Article 50 sets the clock ticking on a two-year window to reach an exit agreement, with discussions on Britain's future relationship with the EU likely to take place in parallel.

Merkel underscored Britain's continued importance as a partner, but left it up to London to take the lead on what relationship it wants with the EU after the divorce goes through.

The approach needs to be "grown-up and sensible," Nigel Farage, the leader of the UK Independence Party and a key Leave campaigner, told fellow EU lawmakers on Tuesday.

"Let's cut between us a sensible tariff-free deal and thereafter recognize that the UK will be your friend, that we will trade with you, we will cooperate with you, we will be your best friends in the world," Farage added.

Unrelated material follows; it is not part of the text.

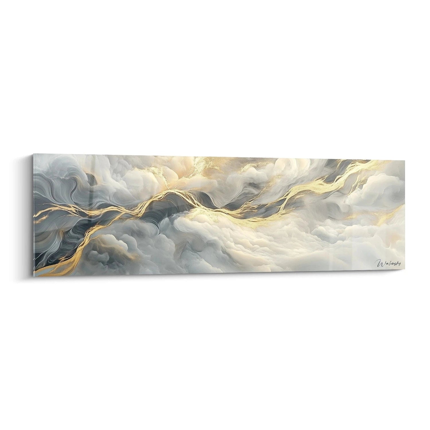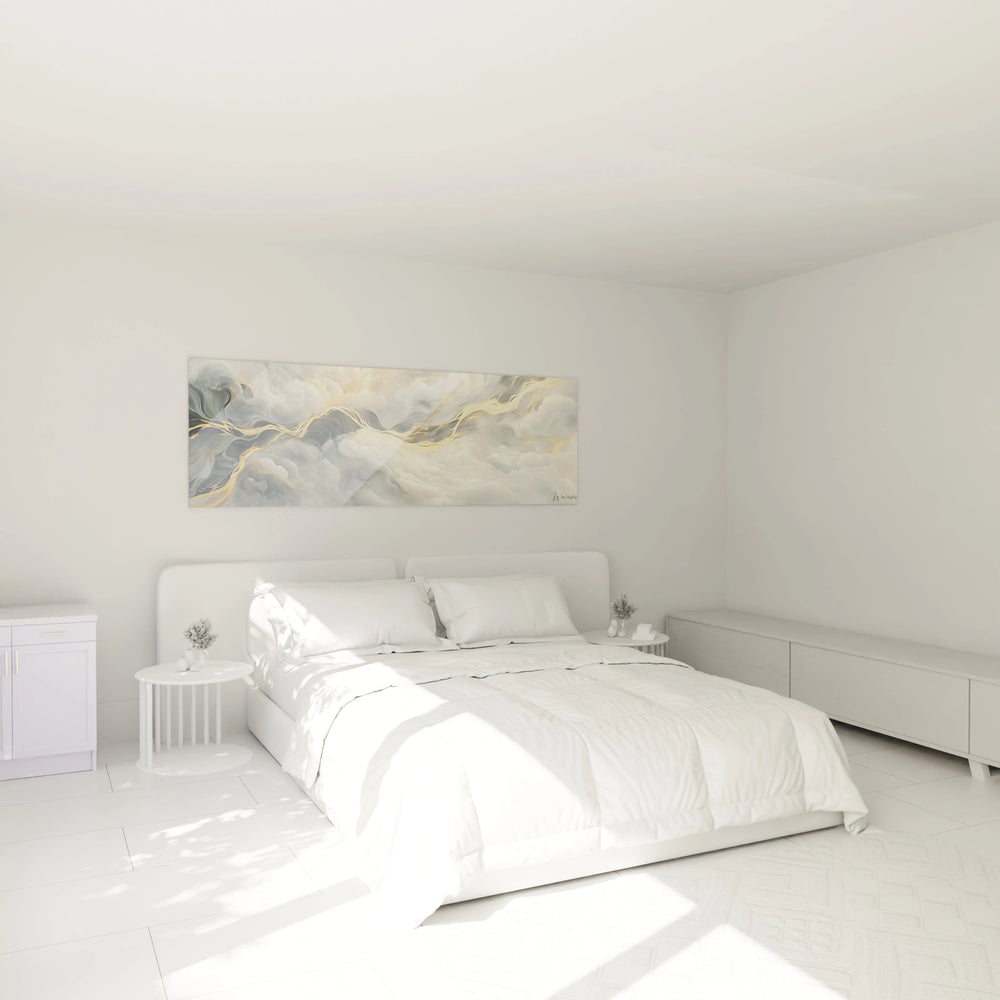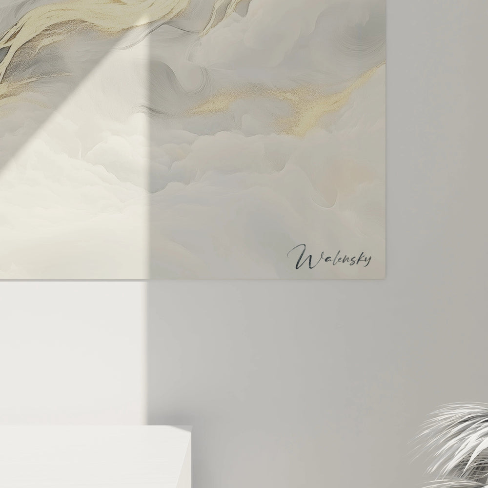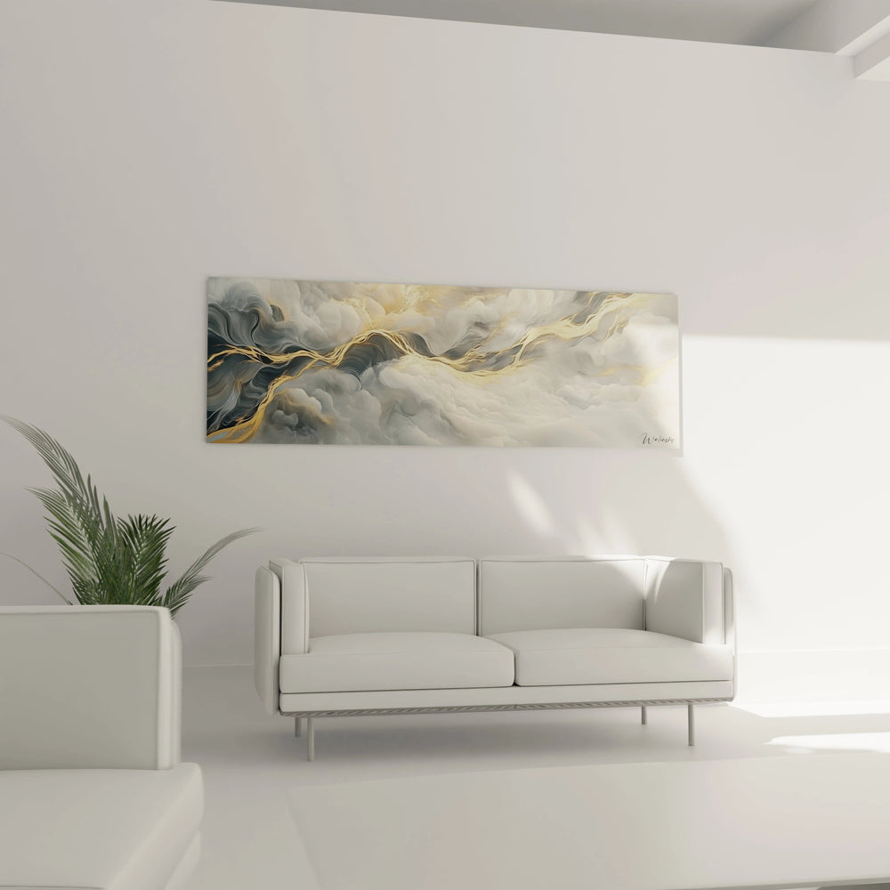 Ce tableau nuages contemporain révèle une composition abstraite exceptionnelle où se mêlent harmonieusement gris et or dans un ballet visuel captivant. L'œuvre présente des formations nuageuses stylisées qui évoluent dans un espace pictural dynamique, créant une atmosphère à la fois apaisante et mystérieuse. Les tableau nuages dorés fluides se déploient avec une élégance naturelle, guidant le regard à travers des courbes organiques et des transitions chromatiques subtiles. Cette décoration murale nuages contemporaine offre une expérience visuelle immersive qui transforme instantanément l'ambiance d'un espace. L'artiste a su capturer l'essence éphémère des formations célestes en leur donnant une permanence artistique remarquable.

Later Tuesday, Cameron will meet his 27 EU counterparts for the first time since the referendum at a Brussels summit, with discussions expected to focus on the next steps.

Cameron is due to brief his colleagues over dinner about the vote and its repercussions in Britain.

On Wednesday, the other EU leaders will hold informal talks without him to seek a common position on Brexit and launch a discussion on strengthening their bloc.

Merkel said she would use all her strength to help the EU avoid further cracks in its unity and to push for a "more successful Europe."